Exercise directions
Each entry below should be returned exactly as is, with the pictures removed.

─── Entries shown ───

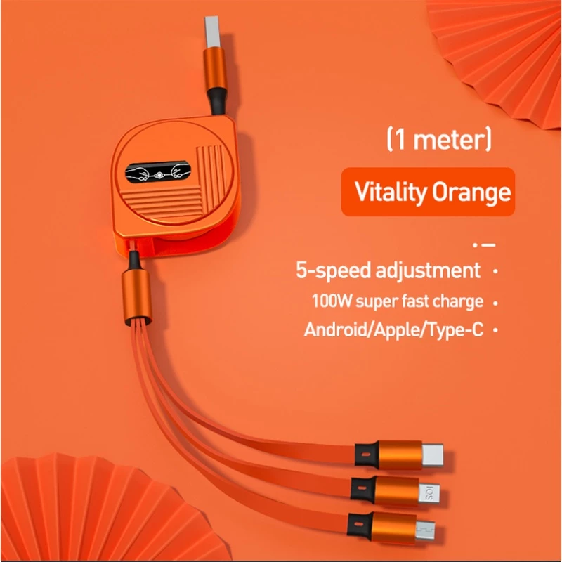 Cáp sạc nhanh 3 đầu 100W, tự động ngắt điện khi sạc đầy, bảo vệ và kéo dài tuổi thọ pin
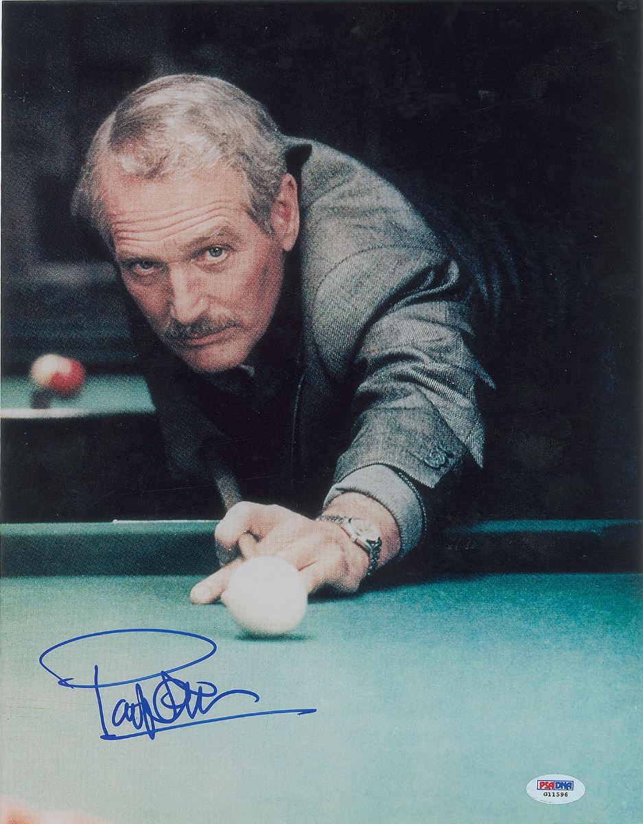 Color glossy 11 x 14 photo of Newman in his Oscar-winning turn as Fast Eddie Felson in the 1986 film The Color of Money, signed in blue felt tip. In fine condition, with an expected slightly grainy quality to the image and a PSA/DNA label affixed to lower right corner.
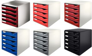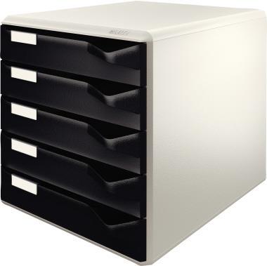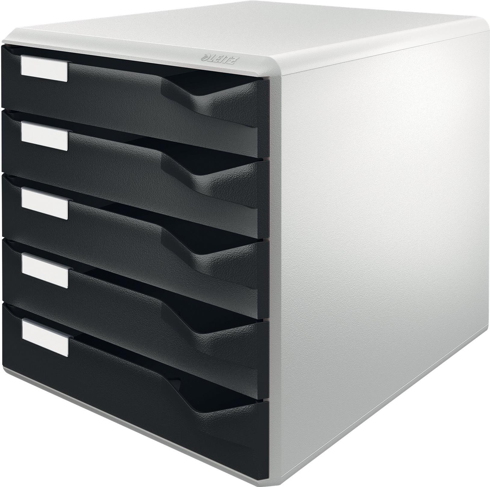 Esselte-Leitz LEITZ Schubladenbox Post-Set, 5 Schübe, lichtgrau/schwarz für Format DIN A4, Schubladen mit Auszugsstopp, auto - 1 Stück (5280-00-95)
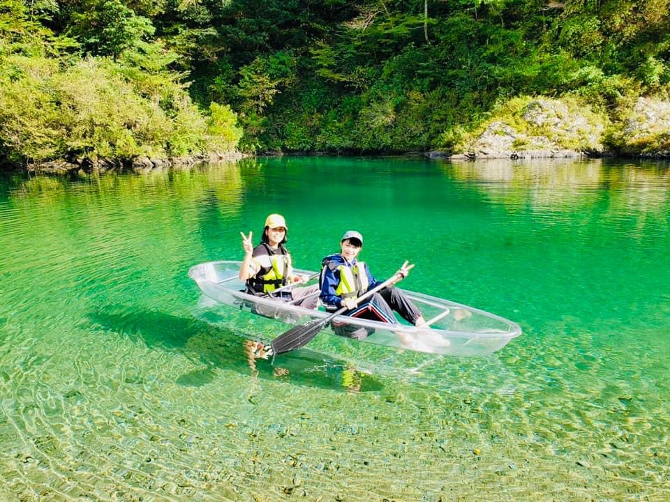 ถ้าชอบกิจกรรมเอาท์ดอร์ต้องมาที่นี่ให้ได้! ที่นี่เป็นศูนย์สำหรับทำกิจกรรมเอาท์ดอร์ที่คุณสามารถสัมผัสประสบการณ์การพายเรือคายัคและ SUP ในแม่น้ำ Niyodo ที่สวยงาม ครั้งนี้นะนะเลือกเรือคายัคแบบคริสตัล แม่น้ำใสจนมองเห็นตัวปลาและก้นแม่น้ำเลยค่ะ
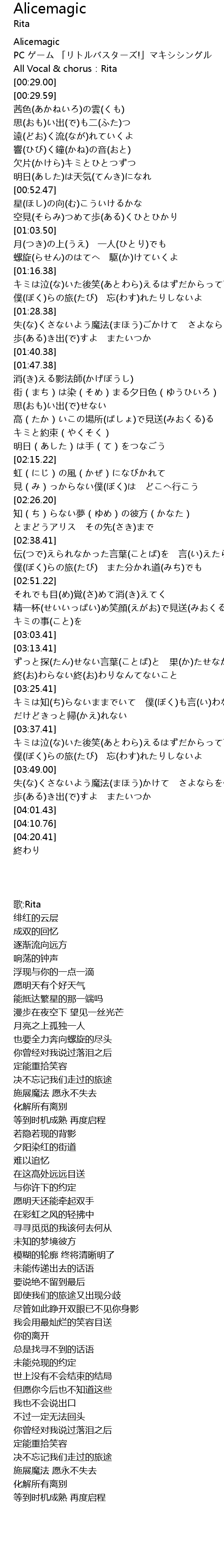| [00:24.00] | All Vocal chorus: Rita |
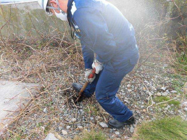 今夜の主役「投光器」を固定するための土嚢作りでした。
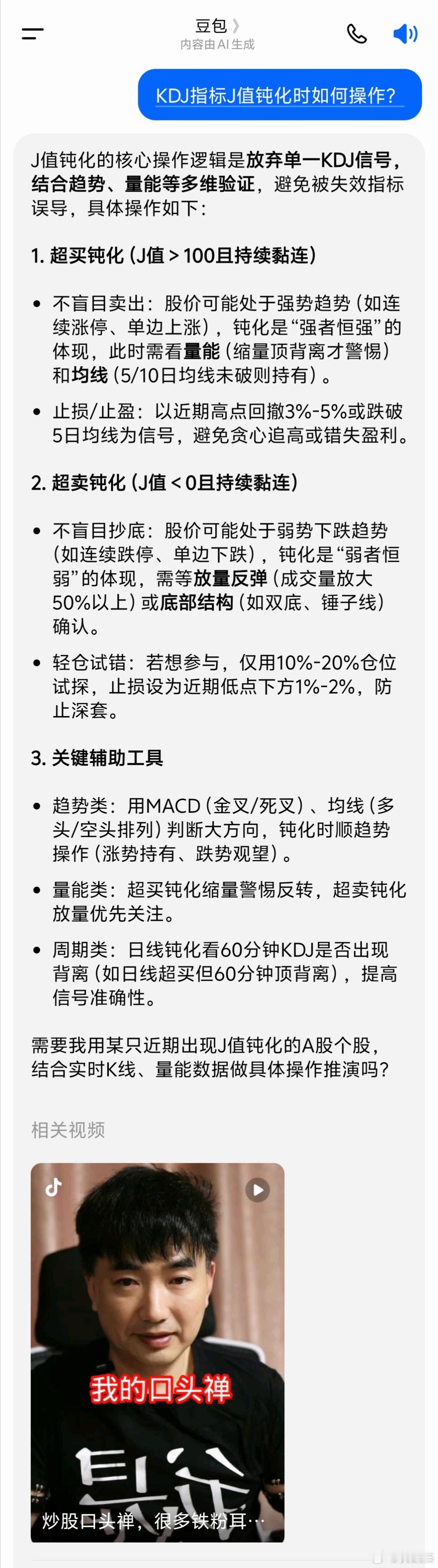 KDJ指标J值钝化后如何操作,豆包给出的答案,可以参考一下。(她也是截取了我的视频观点。)

───

Task output
 Cáp sạc nhanh 3 đầu 100W, tự động ngắt điện khi sạc đầy, bảo vệ và kéo dài tuổi thọ pin
 Color glossy 11 x 14 photo of Newman in his Oscar-winning turn as Fast Eddie Felson in the 1986 film The Color of Money, signed in blue felt tip. In fine condition, with an expected slightly grainy quality to the image and a PSA/DNA label affixed to lower right corner.
 Esselte-Leitz LEITZ Schubladenbox Post-Set, 5 Schübe, lichtgrau/schwarz für Format DIN A4, Schubladen mit Auszugsstopp, auto - 1 Stück (5280-00-95)
 ถ้าชอบกิจกรรมเอาท์ดอร์ต้องมาที่นี่ให้ได้! ที่นี่เป็นศูนย์สำหรับทำกิจกรรมเอาท์ดอร์ที่คุณสามารถสัมผัสประสบการณ์การพายเรือคายัคและ SUP ในแม่น้ำ Niyodo ที่สวยงาม ครั้งนี้นะนะเลือกเรือคายัคแบบคริสตัล แม่น้ำใสจนมองเห็นตัวปลาและก้นแม่น้ำเลยค่ะ
| [00:24.00] | All Vocal chorus: Rita |
 今夜の主役「投光器」を固定するための土嚢作りでした。
 KDJ指标J值钝化后如何操作,豆包给出的答案,可以参考一下。(她也是截取了我的视频观点。)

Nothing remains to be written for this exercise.